Scalability

Scalability is the ability of a system to handle increased load. Two main ways to scale:

	Horizontal	Vertical
meaning	out/in adding/removing recourses	up/down increase/decrease resource capacity
cloud scale	can run on thousands of nodes	NO
elastic	can auto in/out as load changes	some resources cannot be up/down without changing resource type
cost	several small VMs can cost less than one large VM
resiliency	can tolerate an instance going down	NO

Common elastic patterns

A primary advantage of the cloud is elastic scaling. Types of scaling requirements:

On and off. Workloads occur occasionally.
Growing fast. A successful service tends to grow on a curve.
Unpredictable bursting. Bursts correlate with unexpected or unplanned peaks in demand.
Predictable bursting. Bursts can be mapped to specific trends that are planned and well known.

An application can handle transient failures using:

Cancel. fault indicates the failure isn't transient, cancel the operation and report an exception.
Retry. If fault reported is unusual or rare, retry the failing request again immediately.
Retry after a delay. If fault caused by one of the more commonplace connectivity or busy failures, wait for a suitable amount of time before retrying the request.
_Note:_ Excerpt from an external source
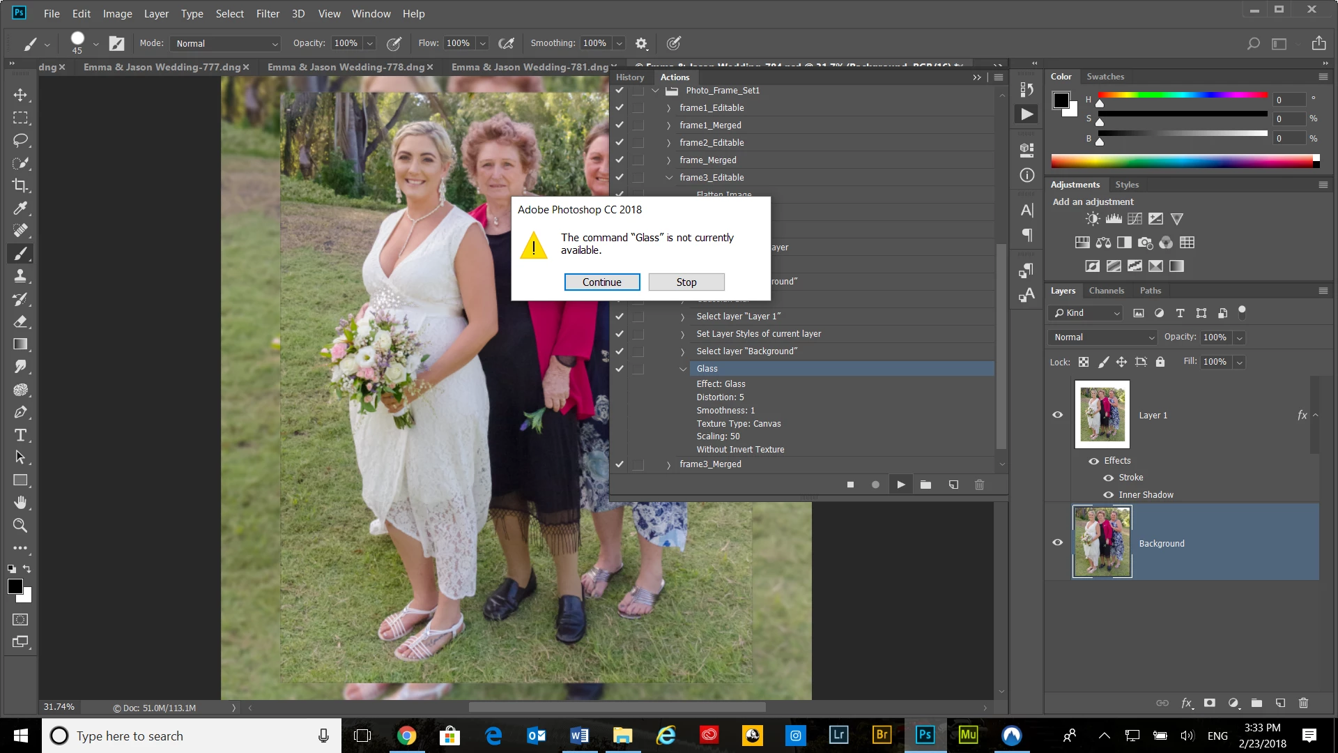 The command "Glass" is currently not available.

Auto-scale metrics available on an App Service plan instance:

CPU. The average amount of CPU time used across all instances of the plan
Memory. The average amount of memory used across all instances of the plan
Data in. The average incoming bandwidth used across all instances of the plan
Data out. The average outgoing bandwidth used across all instances of the plan
HTTP queue. The average number of both read and write requests that were queued on storage. A high disk queue length is an indication of an application that might be slowing down due to excessive disk I/O.
Disk queue. The average number of HTTP requests that had to sit in the queue before being fulfilled. A high or increasing HTTP queue length is a symptom of a plan under a heavy load.